··· MATERIAL SHOWN

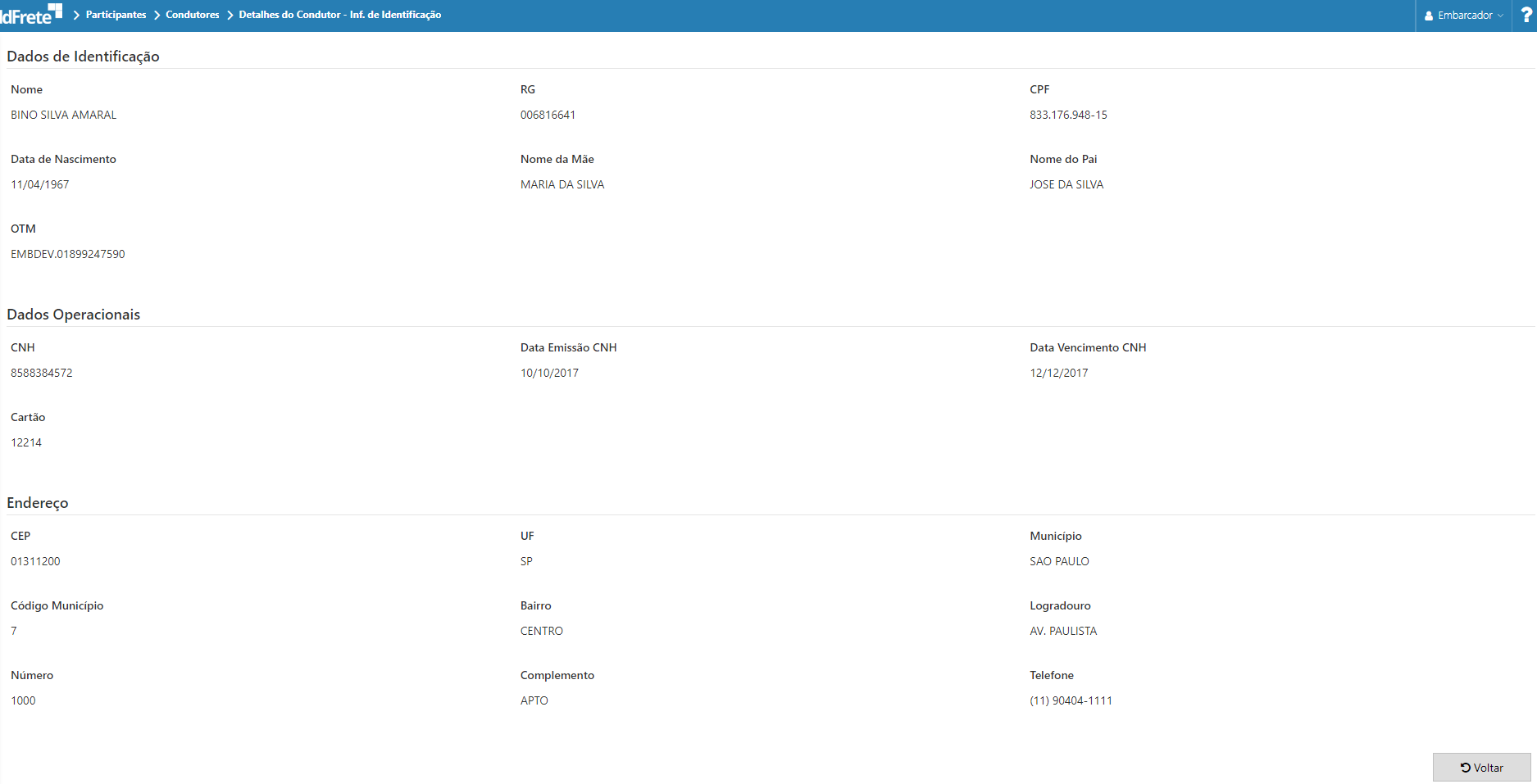 No menu de contexto está disponível a opção de detalhes, onde é possível visualizar as informações de identificação, dados operacionais e endereço do condutor.
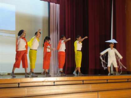 ヒーローや怪人の様子、ヒーローにあこがれる子供の気持ちを考えて演技しました。
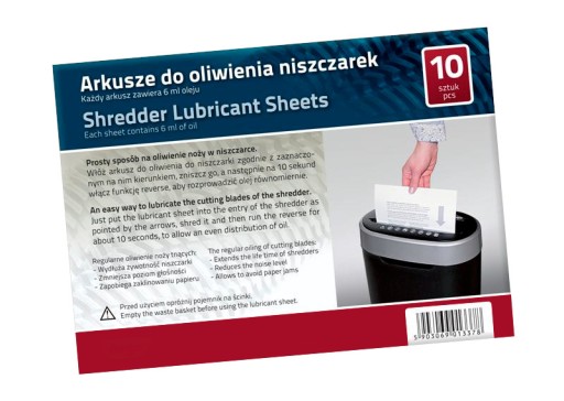 Opakowanie zawiera 10 arkuszy, co pozwala na regularne i skuteczne oliwienie Twojej niszczarki.
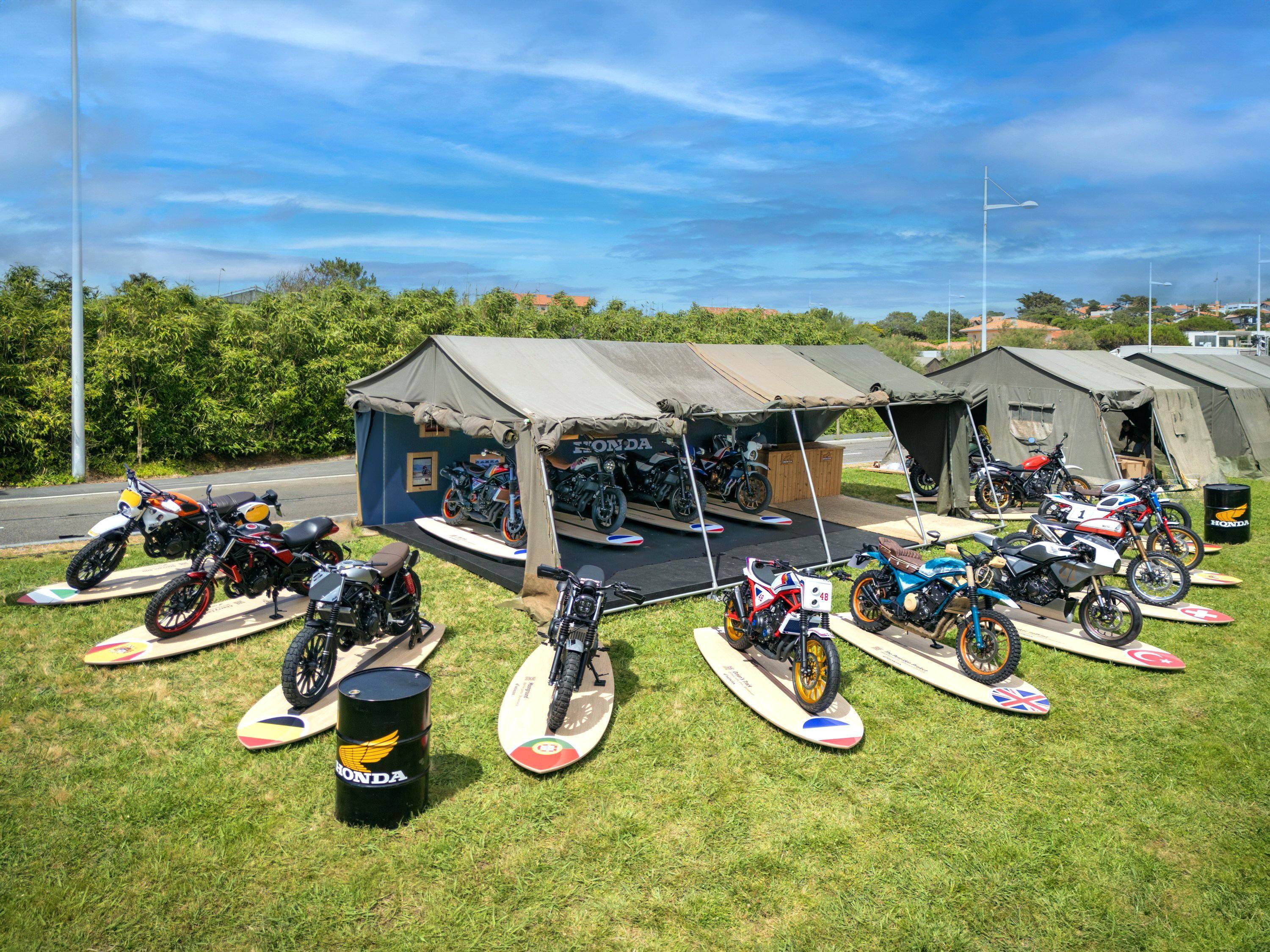 六月 12 日,Honda 歐洲分公司發(fā)布了十六個基于復(fù)古越野 CL500 和 CL250,由他們在歐洲各地經(jīng)銷商或合作工作室制作而成的定制作品,并于上周(六月 12 - 16 日)在法國比亞里茨(Biarritz)舉行的 2024 Wheels & Waves “ 車輪與沖浪 ” 活動中展出。十六個作品里面,十五個以 CL500 作為基礎(chǔ)車、一個以 CL250 作為基礎(chǔ)車,
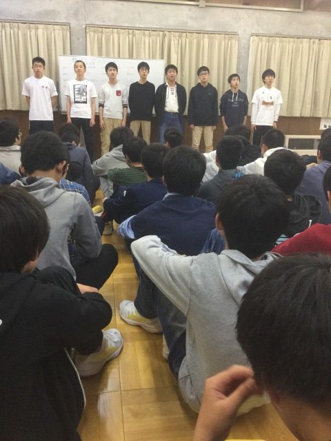 山荘に戻って夕食が済んだら、いよいよ校歌コンクールです。各班とも練習の成果著しく、力強い発表でした。校長先生からの講評でも、例年になくしっかり歌えていたとの言葉を頂きました。
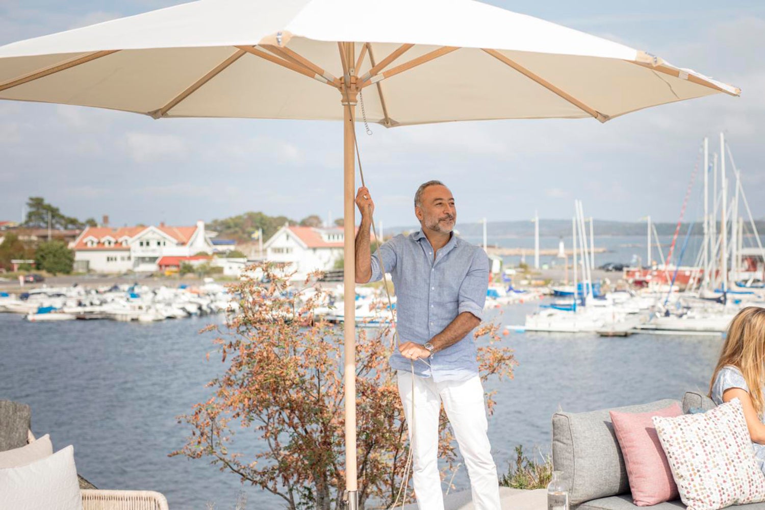 3,5 m parasoll av FSC-merket tre (bøk) med mattlakkert overflate. Vakre skinnmaljer og stoff laget av 250 g polyester.

······

TASK ITEM
Repeat word for word only the lines from the line holding "Opakowanie zawiera 10" to the final line of the material, both included. Don't carry over any picture.

WRITTEN RESPONSE
 Opakowanie zawiera 10 arkuszy, co pozwala na regularne i skuteczne oliwienie Twojej niszczarki.
 六月 12 日,Honda 歐洲分公司發(fā)布了十六個基于復(fù)古越野 CL500 和 CL250,由他們在歐洲各地經(jīng)銷商或合作工作室制作而成的定制作品,并于上周(六月 12 - 16 日)在法國比亞里茨(Biarritz)舉行的 2024 Wheels & Waves “ 車輪與沖浪 ” 活動中展出。十六個作品里面,十五個以 CL500 作為基礎(chǔ)車、一個以 CL250 作為基礎(chǔ)車,
 山荘に戻って夕食が済んだら、いよいよ校歌コンクールです。各班とも練習の成果著しく、力強い発表でした。校長先生からの講評でも、例年になくしっかり歌えていたとの言葉を頂きました。
 3,5 m parasoll av FSC-merket tre (bøk) med mattlakkert overflate. Vakre skinnmaljer og stoff laget av 250 g polyester.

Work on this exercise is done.